Histone modifications

Together with DNA methylation, chemical modifications of histones (acetylation, methylation, ubiquitination, phosphorylation, sumoylation, citrullination, and ADP-ribosylation) are critically involved in chromatin remodelling and regulation of gene expression (15). The regulation of chromatin accessibility by histone modifications is highly complex due to the diversity of modifications and their different biological function. Indeed, the net effect on gene transcription really depends on the type of modification and on the position of the modified amino acid residue (6). Histone acetylation is mediated by histone acetyltransferases (HATs) and histone deacetylases (HDACs) and is generally associated with an open chromatin and enhanced gene transcription. By contrast, histone methylation may impact differently on gene transcription based on which amino residue is being modified. Histone methyltransferases (HMTs) catalyze the transfer of a methyl group from S-adenosyl-L-methionine to lysine or arginine residues in a highly specific manner (6). Recently, the discovery of histone demethylases (HDMs) increased the complexity of gene regulation by making histone methylation a dynamic rather than a static process. Of note, modifications of histone tail may affect DNA methylation (and vice versa) thus amplifying the complexity of epigenetic regulation (12).
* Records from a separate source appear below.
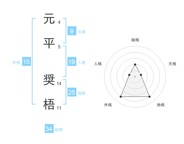 元平 奨梧さんを姓名の画数から五運を鑑定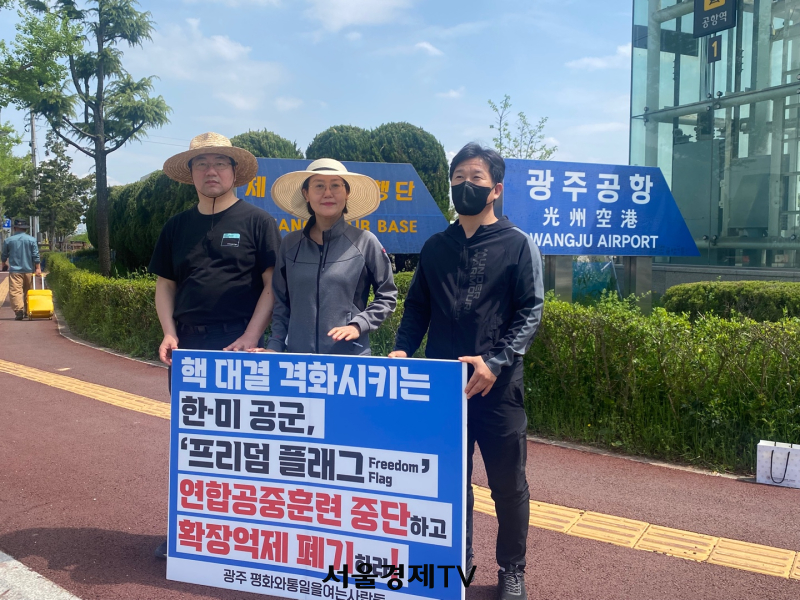 [서울경제TV 광주⋅전남=나윤상 기자] 광주 평화와 통일을 여는 사람들(광주평통사)이 한미 공군이 광주 광산구 공군 광주기지에서 열린 공군 연합공중 훈련 ‘프리덤 플래그(Freedom Flag)’ 훈련을 반대하는 1인 시위에 나섰다.
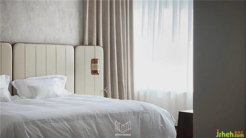 房间按照家庭成员的审美趣味设置了不同的主题。主卧选择了暖白色,米黄色和青灰色,搭配大量胡桃木和少许黄铜,营造了一种温润又刚毅的理想气质。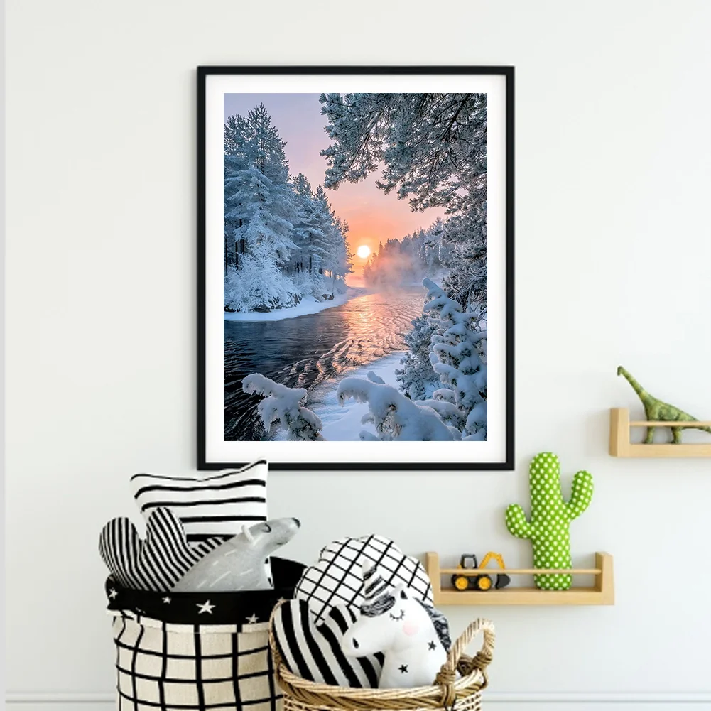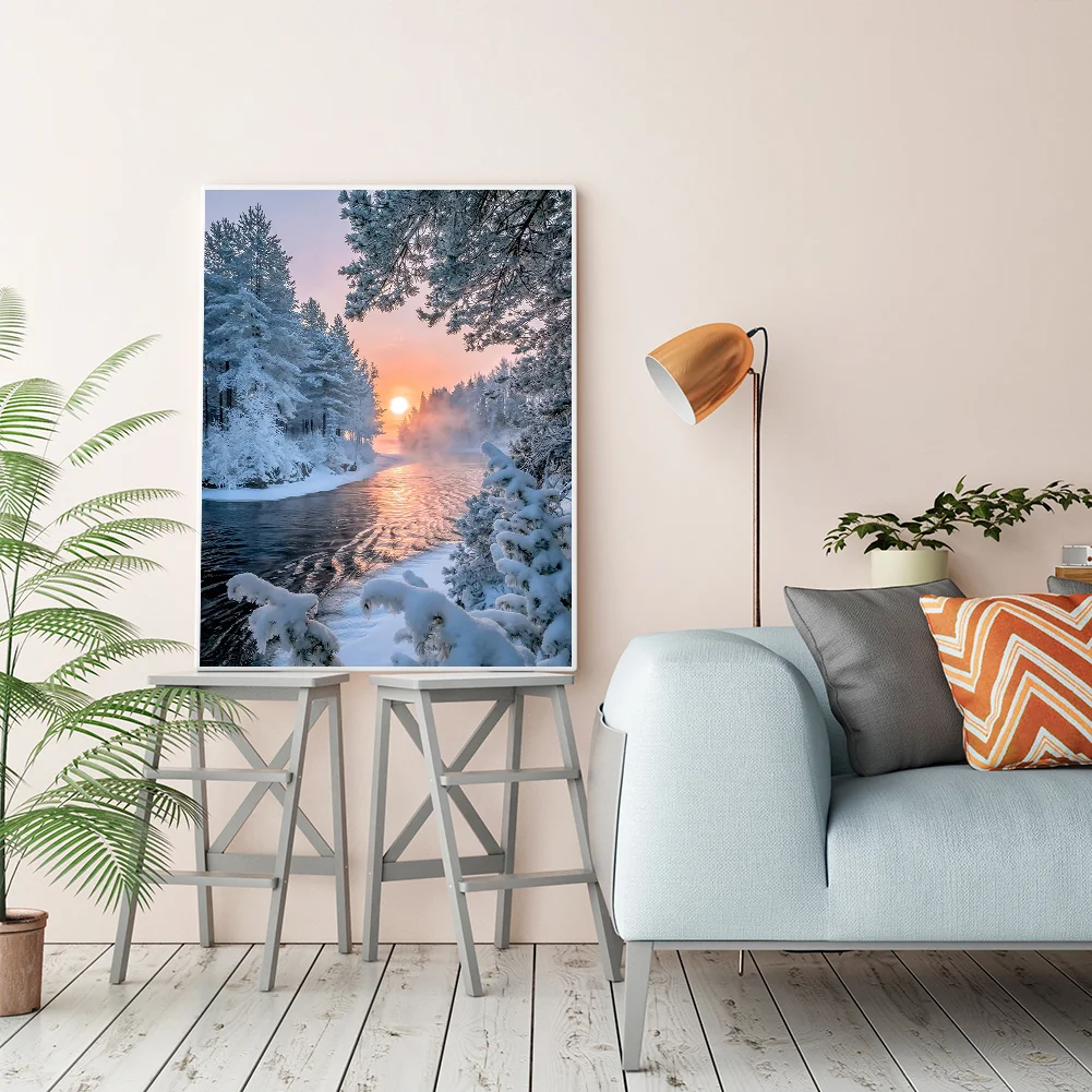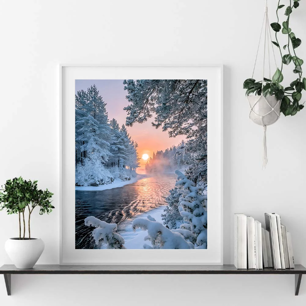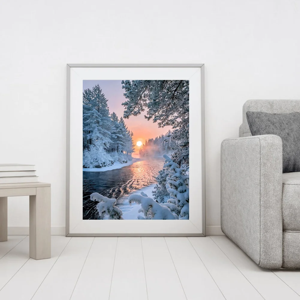 Full Cross Stitch Glacier Lake 11CT Stamped DIY Embroidery Kits Printed Landscape Needlework Handmade Cotton Thread Wall Art Crafts Home Decoration Gifts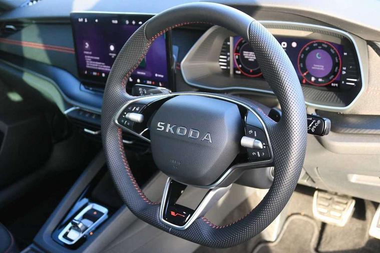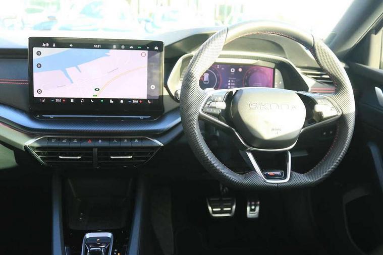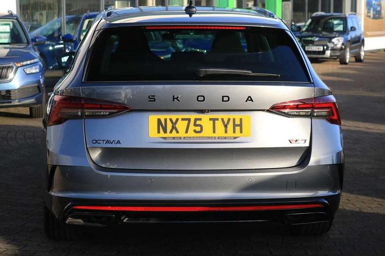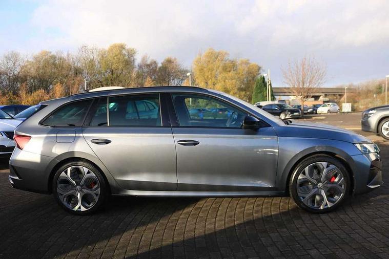 1x USB Typc C port in rear view mirror, 4x USB Type C ports - 2x in front centre console and 2x in rear (45W), Drive mode selection, Driver fatigue sensor, eCall emergency system, Electronic engine sound, Front assist system, Progressive dynamic steering, Traffic sign recognition, Turn Assist, Virtual Cockpit - 10.25" digital display, Voice control system, Wireless charging (15W) with cooling function, Wireless SmartLink for Apple CarPlay and Android Auto, Electronically controlled limited slip differential, vRS suspension, 13" touchscreen display with navigation, DAB Digital radio, Aero front windscreen wipers with intermittent function, Auto dimming rear view mirror, Black sport exhaust pipes, Body colour bumpers, Body colour door handles, Bumpers with rear red reflector strip, Electric front and rear windows, Exterior gloss black sports styling including front grille, window surrounds, door mirrors and badging, Gloss black diffuser, Gloss black roof rails, Gloss black spoiler, Heated rear windscreen, High beam control, High level third brake light, Ice scraper in fuel cap, LED daytime running lights, Logo projection in front doors, Rain and light sensors, Rear fog light on one side and reversing lights on both sides, Rear privacy glass, Rear side wing doors, Rear window wiper, Unique vRS bumpers and exterior styling, 12 volt socket in boot, 2x umbrella in door, 3 rear headrests, 3 seat bench in 2nd row, 4 foldable roof handles, Aluminium pedals, Front head restraints, Front sport seats, Heated front seats, Illuminated glovebox, Interior door handles in dark chrome, Jumbo Box storage, Luggage compartment lighting x2 lights, Mechanical rear seat release from boot, Single front passenger seat, Steering wheel in black leather with black stitching, Storage compartments in left and right of boot, Sun visors with mirrors, Sunglasses storage, Three spoke leather sports multifunction steering wheel with paddles, Ticket holder, Unsplit rear bench seat, split folding backrest with centre armrest with cupholder, Waste bin in door panel, Comfort package - Octavia Estate, Family package - Octavia, Light and view package plus - Octavia, vRS Design Selection pack - Octavia, 3x3 point rear seat belts, Alarm with interior monitoring, tilt sensor and back up horn, Curtain airbags and front side airbags, Driver and front passenger airbags, Drivers knee airbag, Electronic parking brake, ESC including ABS, EBV, MSR, ASR, EDS, HBA, DSR, Front central airbag, Hill hold assist, ISOFIX on front passenger seat and outer rear seats, Passenger airbag deactivate switch, Red brake calipers, Three point seat belts in front and rear, Two tone horn, Tyre pressure monitor, Visual and acoustic seat belt reminder, Warning reflectors in front door, Anti-theft wheel bolts, Keyless entry and start/stop, Remote central locking, Gloss black air vent surrounds, 19" Elias anthracite alloy wheels,

A known example of this interaction is represented by the cross-talk between H3K9 methylation and DNA methylation to repress gene expression in a specific chromatin region (16, 17).

Non-coding RNAs

NcRNAs are RNA molecules which are not transcribed into proteins but regulate gene expression at the posttranslational level by interacting with mRNA. Recent evidence indicates that ncRNAs also regulate the expression of enzymes involved in chromatin remodeling (18). Based on size, ncRNAs can be subdivided into two major groups: (i) small ncRNAs (sncRNAs, <200 nucleotides long) including miRNA, PIWI-interacting RNAs, and endogenous short interfering RNAs and (ii) long ncRNAs (lncRNAs), which have a length between 0.2 kb and 2 kb (19).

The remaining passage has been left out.